As you journey through Taraba, spectacular brown or green foliage blankets the mountains as the road winds through the mountains and hills. Most rivers are dried up during the harmattan season due to the scorching sun of the dry season. A river stands out among all and still flows across the beautiful bridge along the road. River Taraba which empties into the River Benue flow across the major towns of Sert-Baruwa, Sarki Ruwa, Karamti, Jamtari, Gangumi, Gayam and Bali local government. A unique view of this river from the bridge is your first stopover.

Chappal Waddi. Photo Wikimedia

Travel tip: Though many prefer to travel in the rainy season for its dramatic green foliage, the route inspires no less awe in other seasons, especially harmattan, when most bushy pathways are easily walkable.

The next stop is Gashaka Gumpti, a bio-diversity hotspot and known to be the largest national park in Nigeria and across West Africa. Gashaka Gumpti is also the home to the highest point in Nigeria-Chappal Waddi Mountain. In this journey, you will stop at the park’s administrative office along the road at Serti to have a brief view of what the park has to offer and a little tour.

The parks have a beautiful cottage-style building one can lodge for the night (around N1500 per night), but you must bring your food. Have a good feel of the environment as the parks cover a vast landmass. The chimpanzee is the logo of the Gashaka Gumpti park and is endemic to the park.

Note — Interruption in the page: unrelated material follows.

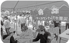
災害ボランティアセンターの設置・運営
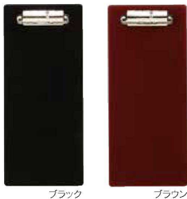
伝票クリップ S PVC<JP> QW-3177 ブラック ¥460 90×210 (1×50) QW-3185 ブラウン ¥460 90×210 (1×50)

As you continue the journey, about 30 minutes from the park is the national park’s museum and information centre, where you get an educational tour of the flora and faunas of the park and the wildlife it has to offer. Among notable things to see are the skulls of hippotamus and elephants.

Photo Credit Bola John1

It’s getting towards the evening, and this time, you’re heading towards the winding roads up the Mambila plateau. The drive up is a slow climb as you can see from afar the road intertwined into the mountains. On your way, there is another stop to feed a variety of wild monkeys who will welcome you and run into the bush as you approach them. Typically the locals are used to this as most people buy bananas on their journey to feed the monkeys.

As you approach Gembu, your final destination for the day, the sun is getting ready to set, and the view is breathtaking. Gembu is off the national grid, and power is supplied by an NGO, which is also into hospitality. They own a beautiful lodge which is a homely place to rest for the night.

Tomorrow is another day to catch the sunrise across the Mambilla plateau, see enchanting waterfalls which are numerous across the hills and also an opportunity to visit the largest tea farm in Nigeria-all in one place, Gembu! Notable Nigerian politicians such as former President Olusegun Obasanjo, Atiku Abubakar all have country houses right on the hills of Gembu.